To lay the theoretical groundwork for the AAPEx model, we derived its structural properties, including moments, quantile functions and hazard-rate behavior. Through extensive Monte Carlo simulations, six frequentist estimation approaches (MLE, CVME, MPSE, OLSE, WLSE and ADE) were systematically implemented and compared. Practical applicability was demonstrated through four real-world datasets, including survival times of cancer patients and COVID-19 mortality rates. In all cases, the AAPEx model provided a superior fit compared to several established competing distributions, as measured by standard goodness-of-fit metrics.

This study is based on the following key assumptions: (i) the data are assumed to be independent and identically distributed (i.i.d.); (ii) the model employs a parametric form for the baseline distribution, such as the exponential; and (iii) the shape parameter ($\gamma$) is well-defined and governs the distribution’s flexibility. Despite its strengths, the model may face convergence issues with small samples and computational challenges with large datasets, particularly in parameter estimation.

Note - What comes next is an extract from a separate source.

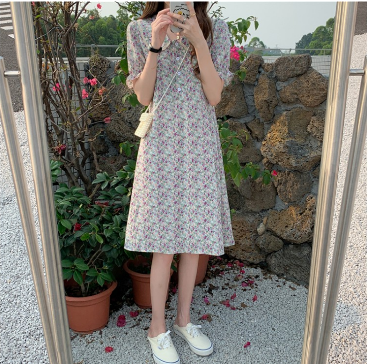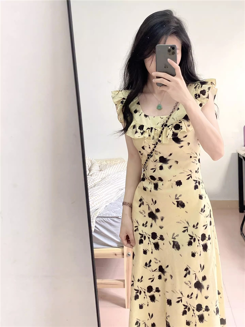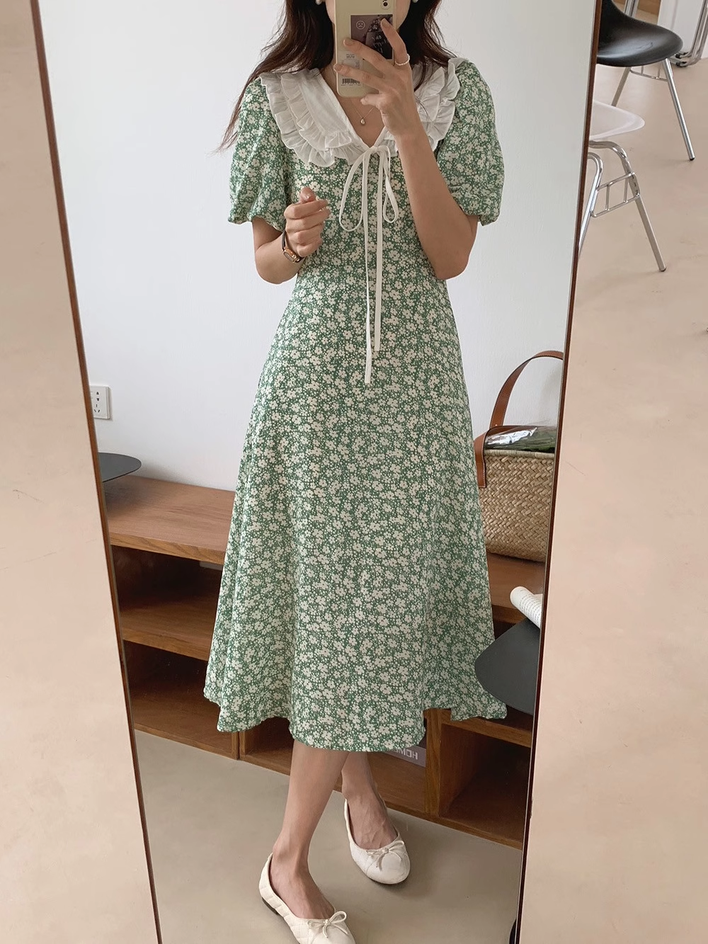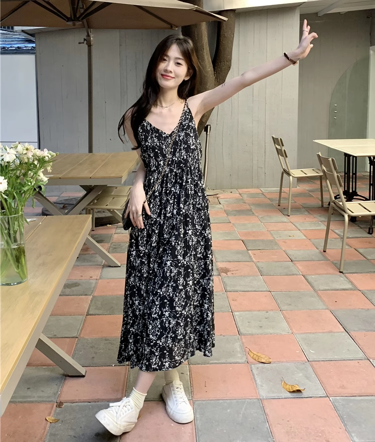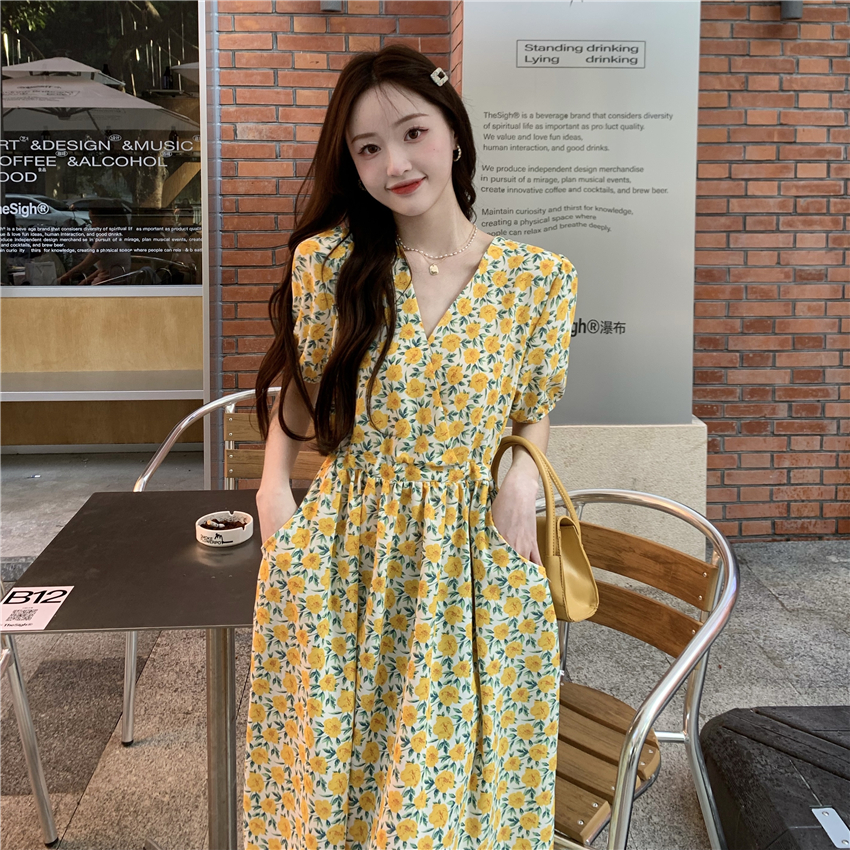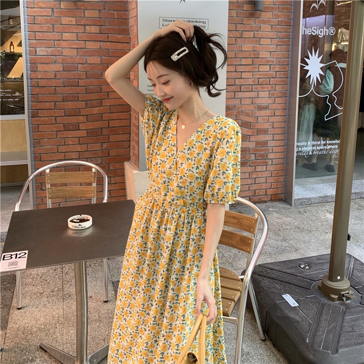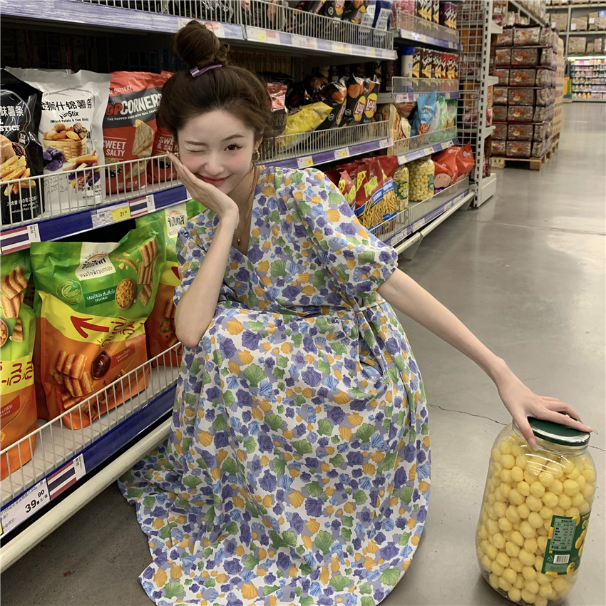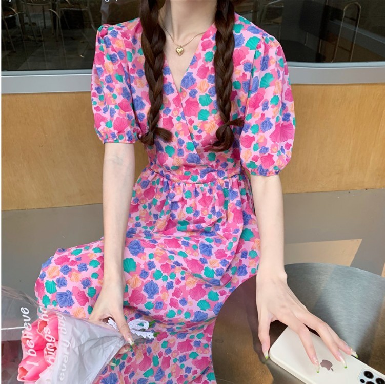 BX 뉴 원피스 여성 여름 쉬폰 플로럴 V 넥 타이트 허리 슬리밍 우아한 긴 무릎 위 A 자형 원피스스토어 가기

Future research can focus on several promising directions. These include extending the AAP-X model to incorporate survival regression structures for enhanced time-to-event analysis, developing multivariate and time-dependent versions and exploring Bayesian estimation methods to improve flexibility and quantify uncertainty. Furthermore, integrating machine learning techniques could significantly enhance the efficiency and scalability of the model, especially in high-dimensional data settings.